A followup question...our "planned" A&E visit is on Day 2 (of a 7 Day-ticket). Three members in my party want to do A&E while the other three are going to do Space Mountain, then all six of us want to do the 7DMT ride afterwards. 

When my 60-day FP window opens would you recommend getting the FPs in this order:

1) 3 FPs for A&E Day 2 (MK)

2) 6 FPs for 7DMT Day 2 (MK)

3) All FPs for Day 7 (MK)

4) All FPs for Day 6 (MK)

5) All FPs for Day 5 (EP)

6) All FPs for Day 4 (AK FPs in AM for 3 party members & DHS FPs in PM for other 3 members)

7) All FPs for Day 3 (DHS)

8) Space Mountain FPs for Day 2 (MK) - same time as A&E

9) Last of three FPs for Day 2 (MK)

10) All FPs for Day 1 (EP)


----------



## Cluelyss

njitgrad said:


> A followup question...our "planned" A&E visit is on Day 2 (of a 7 Day-ticket). Three members in my party want to do A&E while the other three are going to do Space Mountain, then all six of us want to do the 7DMT ride afterwards.  When my 60-day FP window opens would you recommend getting the FPs in this order:  1) 3 FPs for A&E Day 2 (MK)  2) 6 FPs for 7DMT Day 2 (MK)  3) All FPs for Day 7 (MK)  4) All FPs for Day 6 (MK)  5) All FPs for Day 5 (EP)  6) All FPs for Day 4 (AK FPs in AM for 3 party members & DHS FPs in PM for other 3 members)  7) All FPs for Day 3 (DHS)  8) Space Mountain FPs for Day 2 (MK) - same time as A&E  9) Last of three FPs for Day 2 (MK)  10) All FPs for Day 1 (EP)
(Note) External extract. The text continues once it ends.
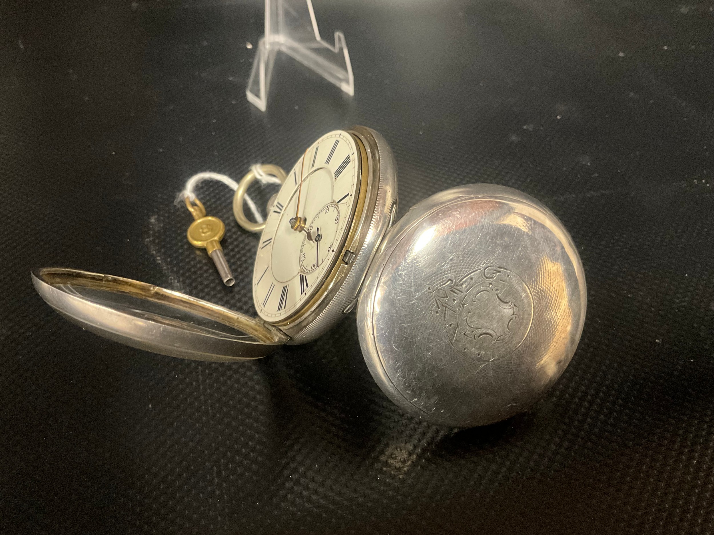 HALLMARK SILVER CASED VICTORIAN POCKET WATCH WITH KEY

You have to schedule by day (all 3 at once). So yes, I would definitely recommend scheduling your A&E day first, and since you have other MK days planned, you may need to be flexible on the day (day 2 may have no availability. When I went in October, day 6 of my trip was the earliest I found any openings for A&E at my 60 day mark.) Since the other FPs will be the same, I'd recommend trying to schedule them together, then move those members of your party that do not want to meet A&E to something else. Only break up your party if you cannot find A&E for everyone, as it will make scheduling the rest of your FPs much easier. Also, do not give up hope if you cannot find A&E immediately. Keep searching, and search for overlapping singles if you are unsuccessful finding them in a group. Good luck!!


----------



## hiroMYhero

njitgrad said:


> A followup question...our "planned" A&E visit is on Day 2 (of a 7 Day-ticket). Three members in my party want to do A&E while the other three are going to do Space Mountain, then all six of us want to do the 7DMT ride afterwards.
> 
> When my 60-day FP window opens would you recommend getting the FPs in this order:
> 
> 1) 3 FPs for A&E Day 2 (MK)
> 
> 2) 6 FPs for 7DMT Day 2 (MK)
> 
> 3) All FPs for Day 7 (MK)
> 
> 4) All FPs for Day 6 (MK)
> 
> 5) All FPs for Day 5 (EP)
> 
> 6) All FPs for Day 4 (AK FPs in AM for 3 party members & DHS FPs in PM for other 3 members)
> 
> 7) All FPs for Day 3 (DHS)
> 
> 8) Space Mountain FPs for Day 2 (MK) - same time as A&E
> 
> 9) Last of three FPs for Day 2 (MK)
> 
> 10) All FPs for Day 1 (EP)



You will need to select and confirm for a Full Day (Day 2) before you move on to another day.


----------



## Cluelyss

njitgrad said:


> A followup question...our "planned" A&E visit is on Day 2 (of a 7 Day-ticket). Three members in my party want to do A&E while the other three are going to do Space Mountain, then all six of us want to do the 7DMT ride afterwards.  When my 60-day FP window opens would you recommend getting the FPs in this order:  1) 3 FPs for A&E Day 2 (MK)  2) 6 FPs for 7DMT Day 2 (MK)  3) All FPs for Day 7 (MK)  4) All FPs for Day 6 (MK)  5) All FPs for Day 5 (EP)  6) All FPs for Day 4 (AK FPs in AM for 3 party members & DHS FPs in PM for other 3 members)  7) All FPs for Day 3 (DHS)  8) Space Mountain FPs for Day 2 (MK) - same time as A&E  9) Last of three FPs for Day 2 (MK)  10) All FPs for Day 1 (EP)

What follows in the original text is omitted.